This variation in height could have also characterized human species in the past. A recently published pelvis from the site of Gona in Ethiopia (Simpson et al., 2008) dates to 0.9–1.4 mya and shows a very wide maximum width between the iliac crests. At the same time, the size of the acetabulum indicates a very small body, like the australopithecines and paranthropines. Although this specimen has been attributed to H. erectus, its chronology, geographic location, and some aspects of its anatomy are also consistent with an assignment to Paranthropus boisei (Ruff, 2009a). If it represents H. ergaster/erectus, it would have to be a very small-bodied population, considerably smaller than living pygmies.

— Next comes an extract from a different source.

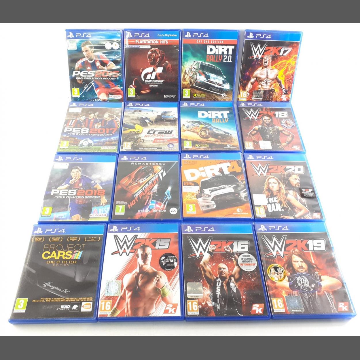 Sixteen SONY PS4 games to include WWE wrestling 2K 15-20, PS4 DIRT 4, Project Cars Of The Year, PS4 Rally, Rally ll, NEED FOR SPEED Remastered, The Crew Willow Run edition, GRAN TURISMO Sport and PES 2015-2018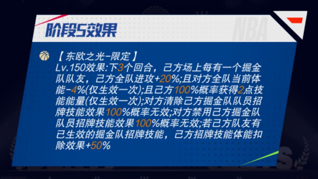 东欧之光:下X个回合,己方场上每有一个掘金队队友,己方全队进攻+X%;且对方全队当前体能-X%(仅生效一次);且己方X%概率获得Y点技能能量(仅生效一次);对方清除己方掘金队队员招牌技能效果X%概率无效;对方禁用己方掘金队队员招牌技能效果X%概率无效;若己方队友有已生效的掘金队招牌技能,己方招牌技能体能扣除效果+X%。(预计在上线同时开启迈向巅峰)

The size of the brain is not without importance in hominid taxonomy, and it has been extensively used. In principal component analyses of neurocranial variables, the first factor is always size (by far explaining the most variation) and this is strongly correlated with brain volume. Standardizing the raw values for size does not solve the problem because there is a tight relationship between size and shape. That is, most of the differences in the neurocranial architecture of fossils attributed to Homo are simply related to the size of the brain. Other features used in taxonomy are related to bone thickness, cranial superstructures (e.g., tori), or more or less subtle features of the temporal bone.

However, this is not always the case. Neanderthals and modern humans show similar cranial capacities but differ markedly in neurocranial morphology. The brain of Homo sapiens seems to follow a very different pattern from that of other species (Bruner et al., 2003). At the same time, some of the H. erectus fossils from Ngandong (Java) have cranial capacities similar to that of Cranium 5 from the Sima de los Huesos but the neurocranial anatomy is very different.

Consideration of the neurocranium, then, should complement the study of the postcranial morphotype. When brain size is related to body size using allometric equations (to eliminate the size factor), an encephalization curve is obtained that can be used for systematics (Arsuaga and Martínez, 2001). Compared with the australopithecines, H. habilis shows an increase in encephalization because the brain size increases whereas the body size does not. The shift to the subsequent cranial and postcranial combined morphotype (which starts with H. ergaster/erectus) involves an important increase in both brain size and body size, but the increase in encephalization is small. However, this may still indicate an advance in cognitive abilities. Comparison between chimpanzees and gorillas indicates that closely related species may show large differences in body size but little difference in brain mass and intelligence. In contrast, the cranial capacity in H. ergaster/erectus is much larger than that of the australopithecines.